- Collected data -
****************

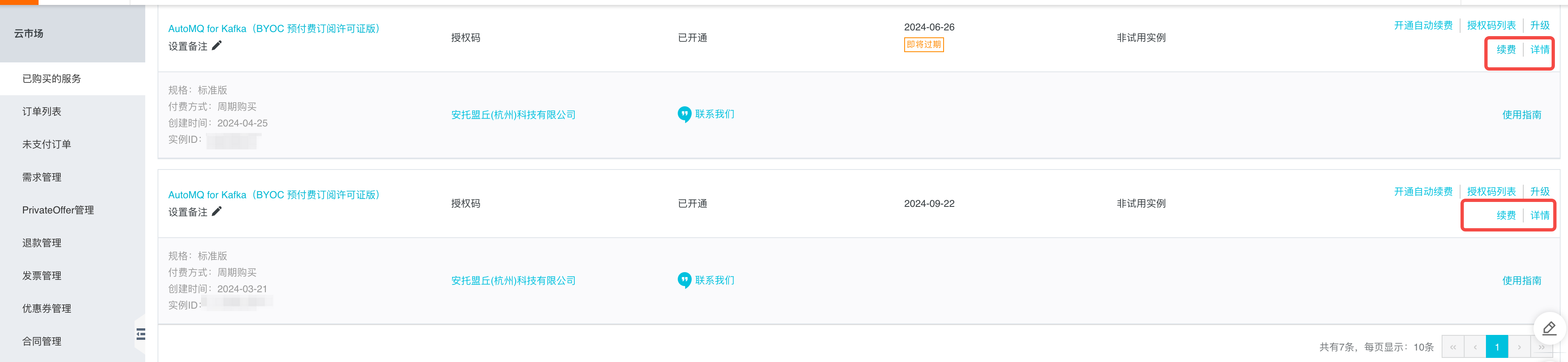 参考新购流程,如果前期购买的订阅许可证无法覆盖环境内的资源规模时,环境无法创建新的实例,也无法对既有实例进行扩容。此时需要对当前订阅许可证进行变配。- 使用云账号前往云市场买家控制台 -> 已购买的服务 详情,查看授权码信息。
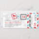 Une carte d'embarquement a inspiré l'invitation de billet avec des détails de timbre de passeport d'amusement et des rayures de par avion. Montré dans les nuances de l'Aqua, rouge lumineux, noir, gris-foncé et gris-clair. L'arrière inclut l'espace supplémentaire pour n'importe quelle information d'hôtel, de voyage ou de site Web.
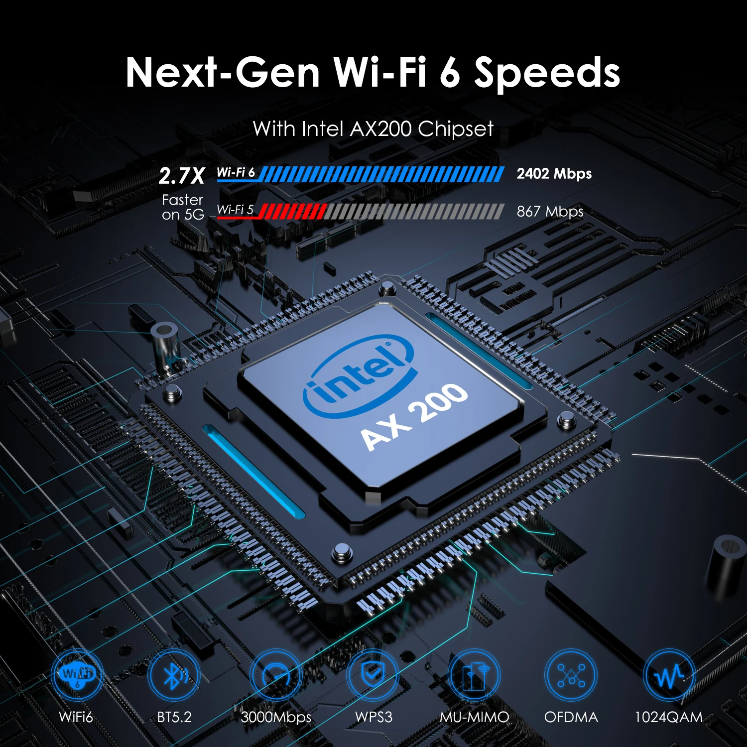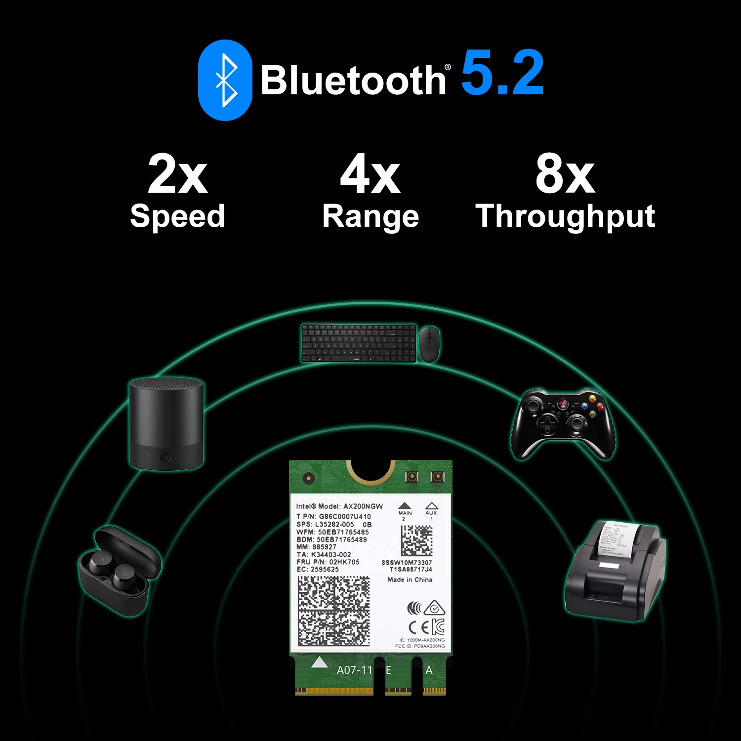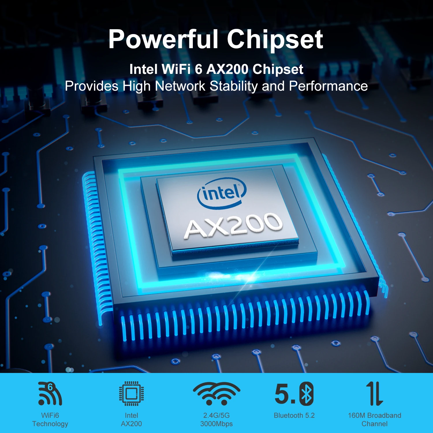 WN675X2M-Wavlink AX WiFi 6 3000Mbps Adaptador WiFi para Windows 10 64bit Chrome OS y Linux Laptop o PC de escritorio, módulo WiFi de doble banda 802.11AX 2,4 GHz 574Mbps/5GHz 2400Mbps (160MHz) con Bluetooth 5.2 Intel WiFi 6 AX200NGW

****************

- Instructions to follow -
Write out all the material above exactly, with no image carried over.

- Solution to this task -
 参考新购流程,如果前期购买的订阅许可证无法覆盖环境内的资源规模时,环境无法创建新的实例,也无法对既有实例进行扩容。此时需要对当前订阅许可证进行变配。- 使用云账号前往云市场买家控制台 -> 已购买的服务 详情,查看授权码信息。
 Une carte d'embarquement a inspiré l'invitation de billet avec des détails de timbre de passeport d'amusement et des rayures de par avion. Montré dans les nuances de l'Aqua, rouge lumineux, noir, gris-foncé et gris-clair. L'arrière inclut l'espace supplémentaire pour n'importe quelle information d'hôtel, de voyage ou de site Web.
 WN675X2M-Wavlink AX WiFi 6 3000Mbps Adaptador WiFi para Windows 10 64bit Chrome OS y Linux Laptop o PC de escritorio, módulo WiFi de doble banda 802.11AX 2,4 GHz 574Mbps/5GHz 2400Mbps (160MHz) con Bluetooth 5.2 Intel WiFi 6 AX200NGW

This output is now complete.